OSS that are painful and full of denial

It’s quite common, especially in enterprise technology, for something to propose a new way to solve an existing problem. It can’t be used to solve the problem in the old way, so ‘it doesn’t work’, and proposes a new way, and so ‘no-one will want that’. This is how generational shifts work – first you try to force the new tool to fit the old workflow, and then the new tool creates a new workflow.
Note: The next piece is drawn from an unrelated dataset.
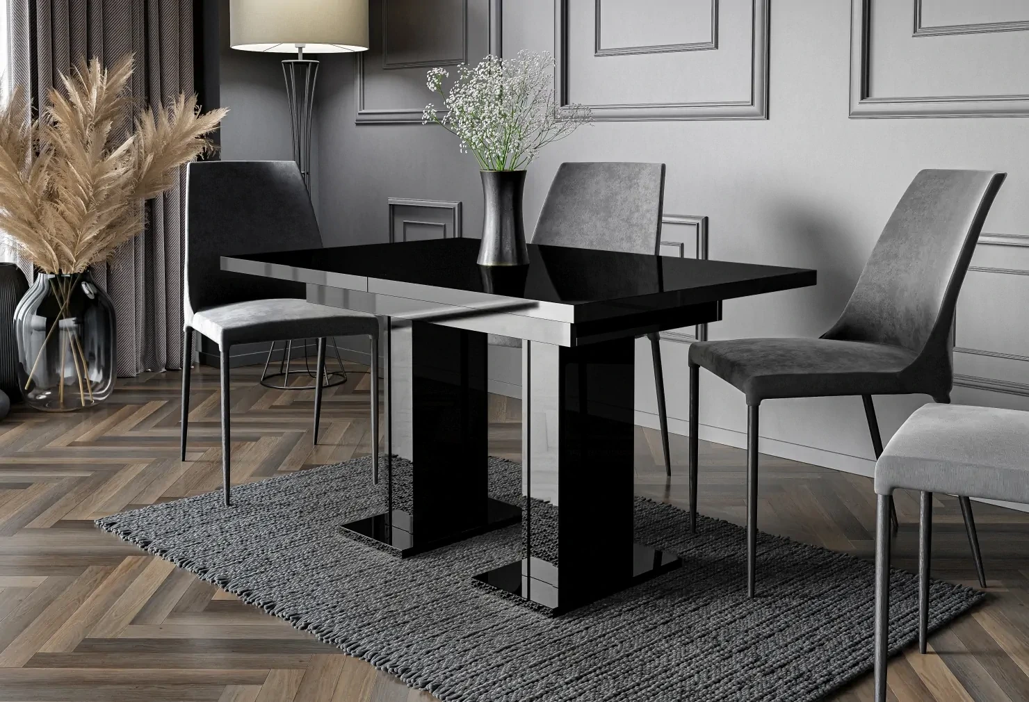 - Nowoczesny i minimalistyczny design: Stół dostępny jest w dwóch wariantach kolorystycznych: Black Gloss (czarny połysk) i White Gloss (biały arktyczny połysk). Połyskujące wykończenie dodaje wnętrzu elegancji, a jednocześnie tworzy efekt przestronności. Wysokiej jakości akrylowa powierzchnia zapewnia nie tylko piękny wygląd, ale także trwałość i odporność na codzienne użytkowanie.

Both parts are painful and full of denial, but the new model is ultimately much better than the old.”
Ben Evans
from the same post as yesterday’s blog on PAOSS.

The other part that Ben glosses over, but which is highly relevant to OSS is staying with the old tools and old workflows because the change chasm is so wide – this third part is even more painful and full of denial.

The monolith OSS of our recent past (and current state in many cases) is no longer a feasible option, These monoliths tended to be built around highly structured, hyper-connected relational databases, which was/is a strength but also a weakness.

There are nuances of course, but a lot of inventory relationships are unchanging – A conductor / fibre goes in a sheath, in a cable in a duct, in a trench. A port is on a card which is in a device, that’s in a rack that’s in a room, in a building.

In a relational database, these are all built upon joins. And in many OSS, there are thousands of hours of development that have built layers and layers of joins onto these base capabilities to give more advanced capabilities. But the computational complexity of all these joins leads to response times that can run into many minutes, not viable for operators that require near-real-time responsiveness – think network fault rectification where SLAs are tight.

For inventory in particular, the generational shift mentioned by Ben appears to be the graph database.
“[The] difference between graph databases and relational databases is that the connections between nodes directly link in such a way that relating data becomes a simple matter of following connections. You avoid the join index lookup performance problem by specifying connections at insert time, so that the data graph can be walked rather than calculated at query time.
This property, only found in native graph databases, is known as index-free adjacency, and it allows queries to traverse millions of nodes per second, offering response times that are several orders of magnitude faster than with relational databases for connected queries (e.g., friend-of-friend/shortest path)
.”
Johan Svensson here

A transition to a graph DB represents new ways with new tools, and obsolescence of a lot of past efforts. But the next generational shift that obsoletes graph DBs surely isn’t far away either.

The big bets on the monoliths no longer seem viable. It seems to me that the highly modular, interfaced, small-grid OSS is the way of the future.